WHAT IS REQUIRED:
Go through the listing below and retype exactly the lines starting at the one with "The set includes: a" and ending at the one with "Residents of Cua", skipping pictures.

PROVIDED DATA:
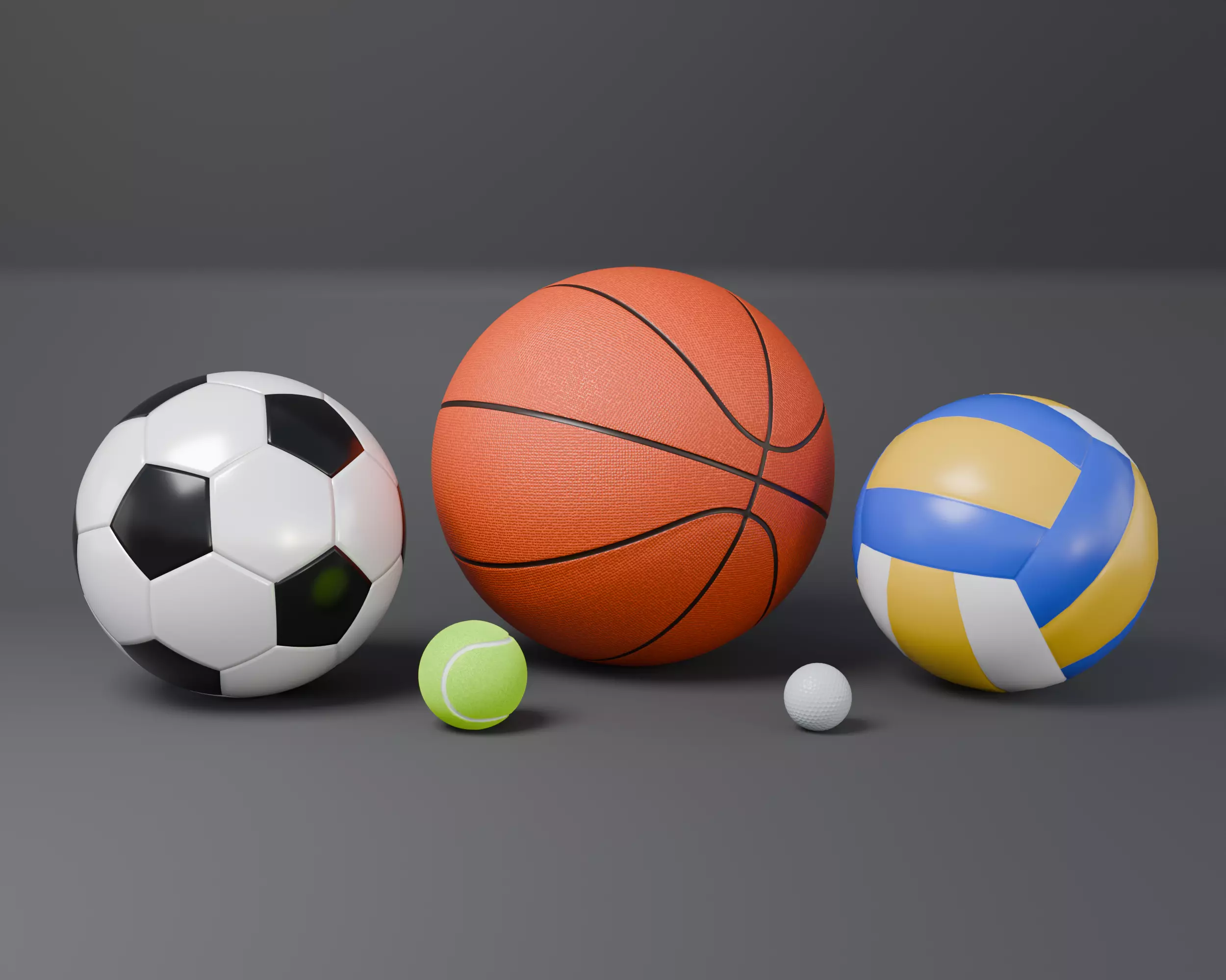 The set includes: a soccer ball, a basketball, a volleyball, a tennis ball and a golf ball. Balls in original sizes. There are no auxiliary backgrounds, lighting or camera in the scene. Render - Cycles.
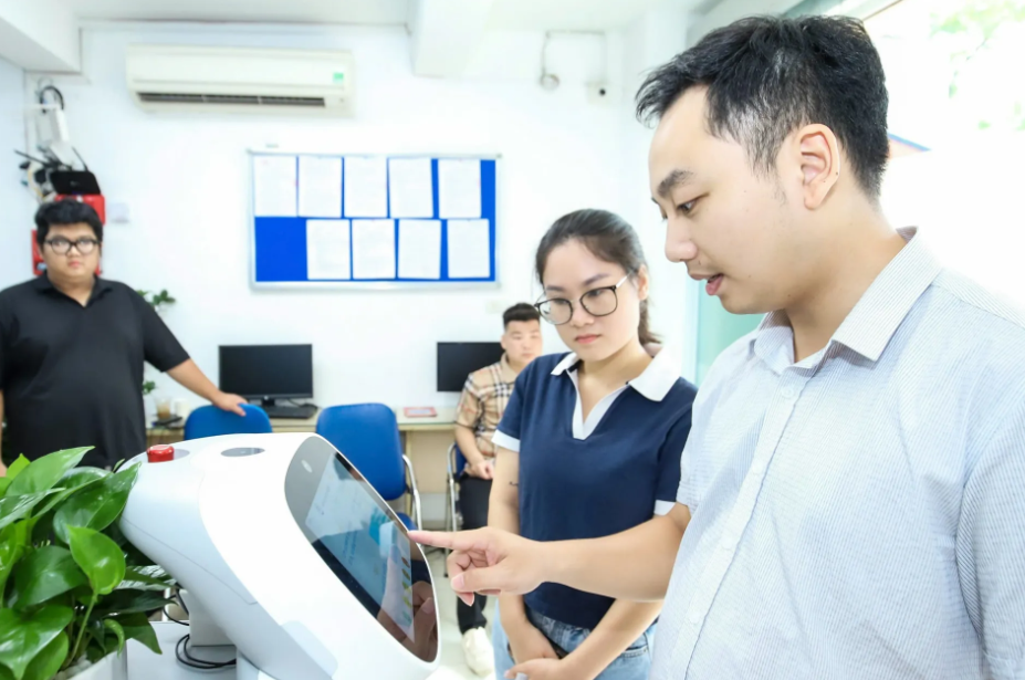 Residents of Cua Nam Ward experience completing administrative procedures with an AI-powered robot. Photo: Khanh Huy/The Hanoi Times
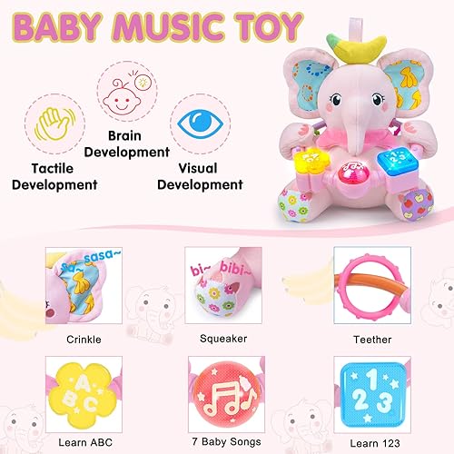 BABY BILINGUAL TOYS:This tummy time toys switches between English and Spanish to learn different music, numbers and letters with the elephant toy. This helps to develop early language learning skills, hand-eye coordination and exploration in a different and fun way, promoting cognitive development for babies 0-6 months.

==

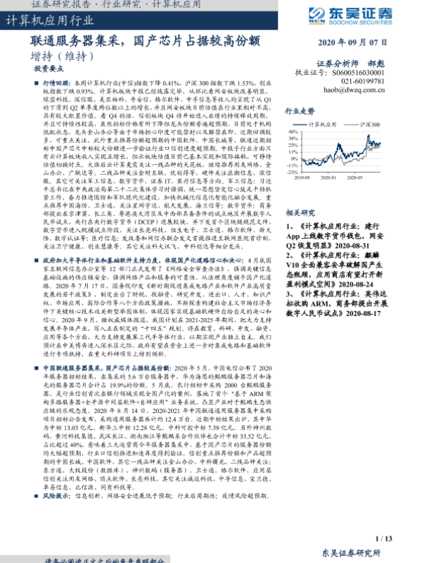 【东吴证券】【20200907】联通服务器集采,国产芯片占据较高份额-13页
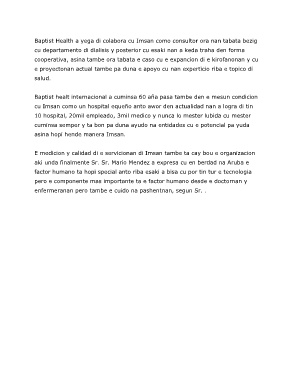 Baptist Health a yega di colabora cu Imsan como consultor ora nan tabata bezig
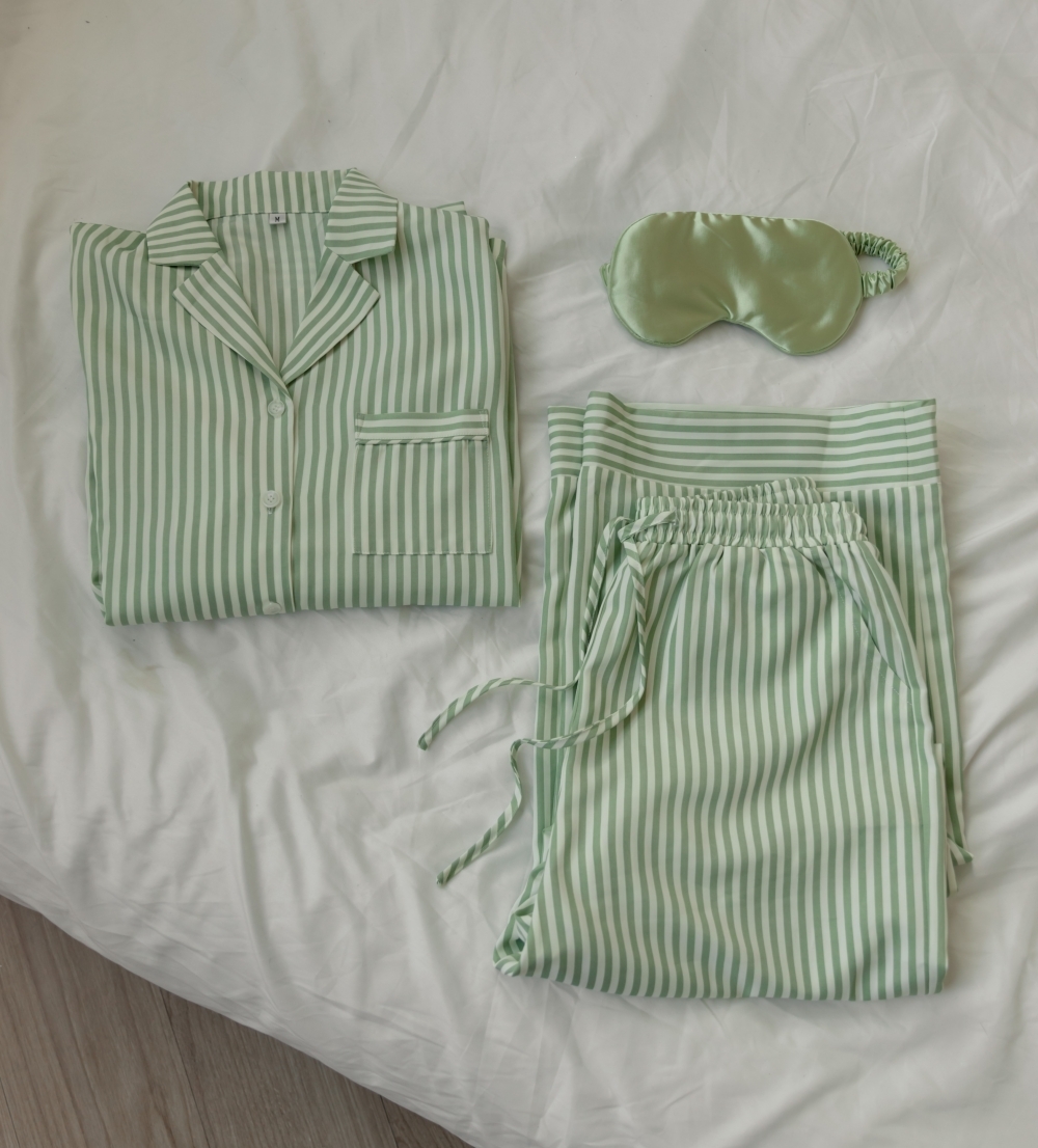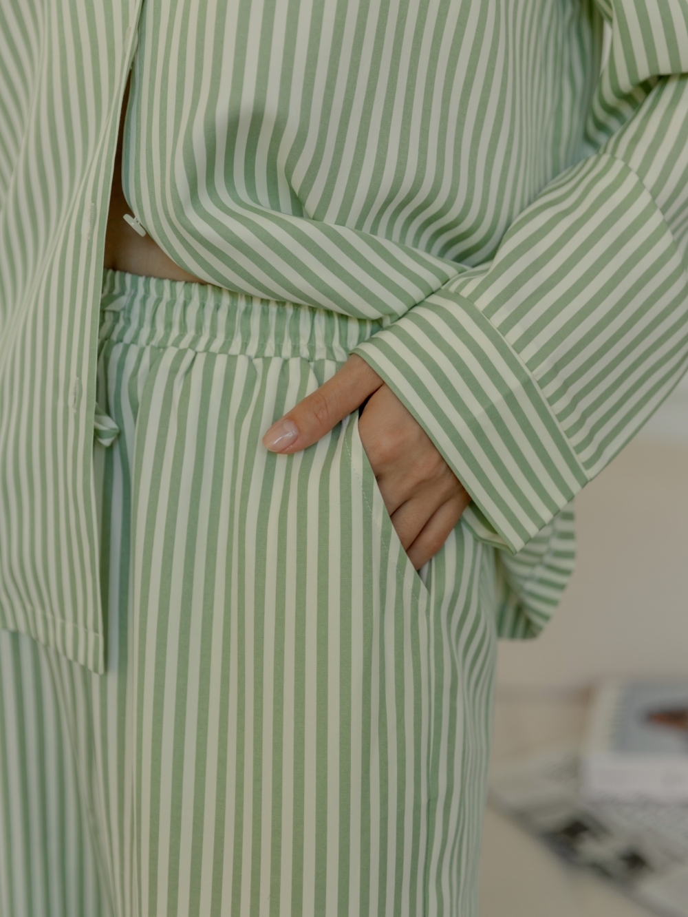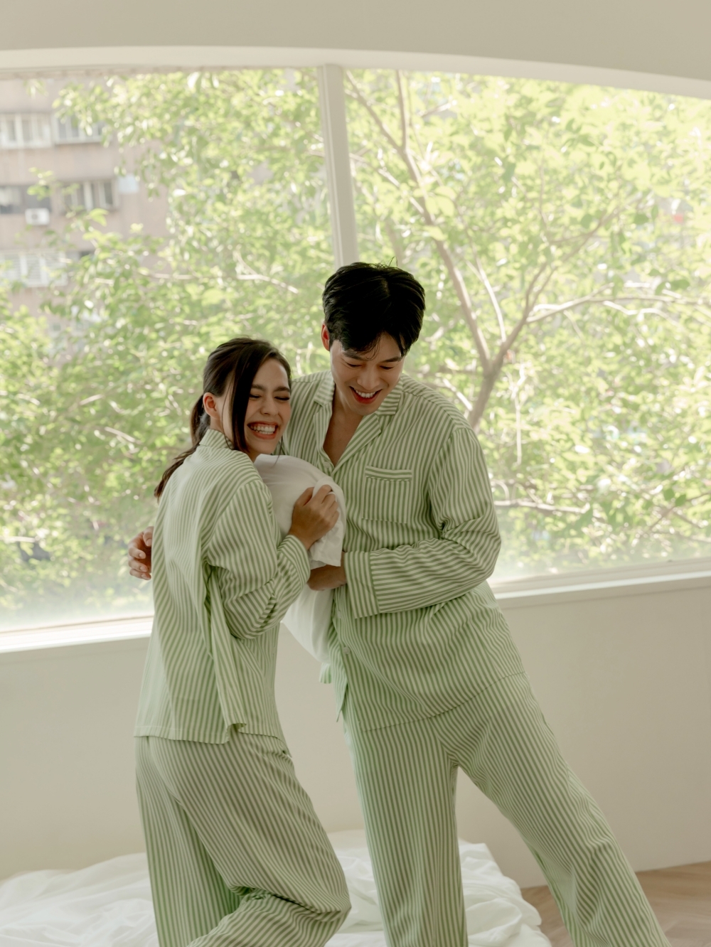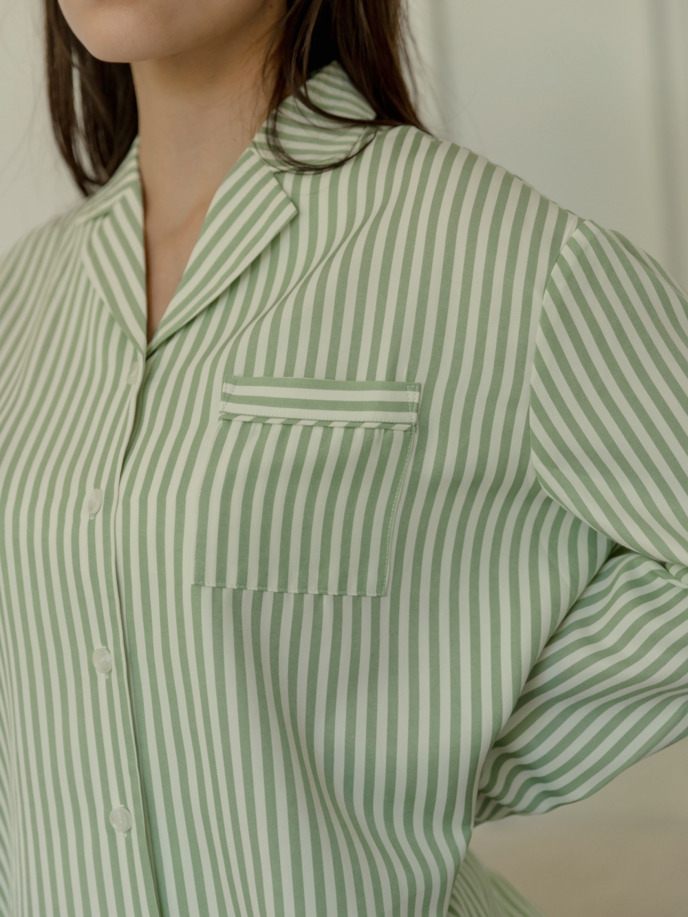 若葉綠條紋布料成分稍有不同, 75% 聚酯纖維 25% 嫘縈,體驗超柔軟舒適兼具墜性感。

RESPONSE TO THE TASK:
 The set includes: a soccer ball, a basketball, a volleyball, a tennis ball and a golf ball. Balls in original sizes. There are no auxiliary backgrounds, lighting or camera in the scene. Render - Cycles.
 Residents of Cua Nam Ward experience completing administrative procedures with an AI-powered robot. Photo: Khanh Huy/The Hanoi Times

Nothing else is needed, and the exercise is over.